ちゃんとした恋愛して欲しいなぁ…なんて…
やらかした って顔して私を見る。
けど、亜嵐はなかなか話さない。
あなた

亜嵐…?

亜嵐
ごめん、はながそうやって
思ってくれていたならごめん。
俺勘違いしてたわ。
はな
う、うん…
お、順調…?
亜嵐
けど…
はな
はなの目が強ばる。
亜嵐
俺だけカフェに
連れて行ってくれなかったじゃん…
って亜嵐の顔がしゅんとした。
その瞬間、はなと亜嵐の間にあった


ずっと繋がっていた糸がもう一度張り直した。


ピン…


はなの顔はどんどん笑顔になって
はな
そんなの今度行こうよ。
亜嵐
ほんとに!?
はな
うん。
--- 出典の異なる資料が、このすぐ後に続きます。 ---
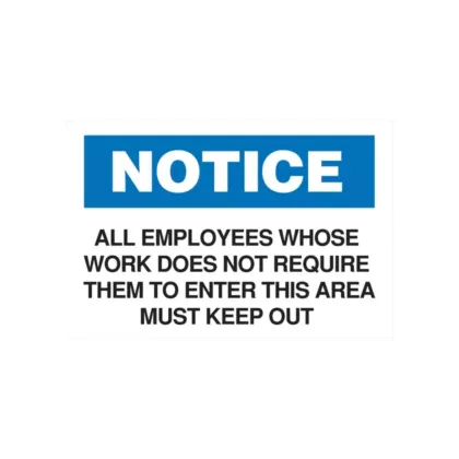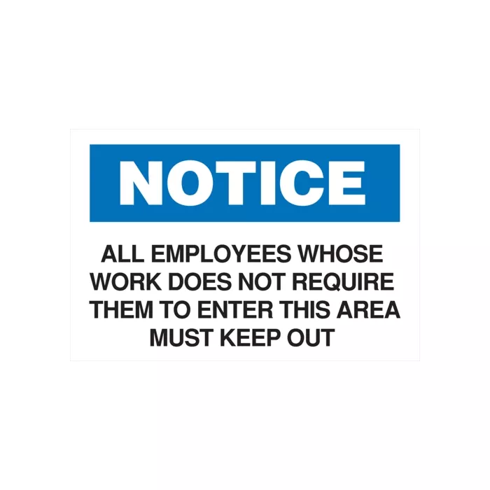 Notice; All Employees whose work does not require them to be in this area must Keep out |

あなたと昨日は行ってない…
亜嵐
え、そうなの?
あなた

はなちゃんったら泣いちゃってね…笑

そしたら、はなは私の顔の前で


両手を振って口止めをしているのか必死だ。
亜嵐
泣かせてならごめん。
亜嵐ははなをちゃんと見て言う。
その時、はなの顔は赤く染った。
はな
うん、私こそごめん。
亜嵐
また、一緒に行動しような。
はい、解決。


やっぱ私って天才なのかもしれない。


人の心を繋ぎ直すことが出来る能力を持ってるわ。
あなた

あの、私の事忘れないでね?

はな
そんなのもちろんだよ!
あなたにはほんとに感謝してる!
してもしきれない!
私の両手を掴んで必死になって言う。
あなた

はいはい…笑

亜嵐
ありがとな。
ニカッと笑った亜嵐。


くそ。


イケメンかよ。
あなた

なら、私に二人でなにか奢ってね。

亜嵐
じゃ、はな行こうぜ。
はな
は ~ い!
こらこら、なんでそういう時だけ協力的になるんだ?
ま、そんな二人が大好きだけどね。
二人につれて私も玄関に入った時。
まぁ、いつもの光景なんだけど。


一つだけ気になるの。
玲於
先輩、おはようございます。
隣であの…サノ…?って人が私に挨拶してきた。


私より身長は高くて…
あなた

おはよう…?

玲於
名前覚えてますか?
あなた

あ ~ んと、サノ…レ…?

玲於
お。
佐野玲於です。
あなた

あ ~ 、そうそう。

忘れないでくださいよ って下向き加減で


微笑む彼の横顔は高校生には見えなかった。
玲於
先輩の名前聞いてないんですけど。
と、急に真顔になるし。
あなた

あ、そうだったね。
私は新川あなた。

玲於
あなたさん…
あなた

う…ん。

なんか…微妙だ。


この人の周りにはちょっとしたフィルターが


貼ってあって頑丈だと思う。


なかなか、本性が見えてこない。
玲於
あなたさんって呼びます!
あなた

どうぞ…笑

急に笑顔になるからもうついてけない…


喜怒哀楽のハッキリしてそうな子。
玲於
あなたさんは俺の事 玲於 で。
あなた

はいはい。

玲於
じゃ。
じゃ。


って玲於の口癖なのか。


会ったら必ず聞く気がする。
あなた

じゃあね。

はな
あなた何してんの?
あなた

あ ~ 、ごめん!今行く!

何してんだろ。


私。


早く行かなきゃ。
人をかき分けてはなたちのもとに行った。
亜嵐
誰と話してたの?
あなた

あ ~ 、ん …

前を見た時玲於の後ろ姿だった。


真ん前。


人混みに押し潰されそうな状況の中何故か


玲於を見つけてしまった。


くそ…


頭に玲於の顔がちゃんとインプットされちゃった…
あなた

何も無いよ?

何故か 後輩と話してた とは言わなかった。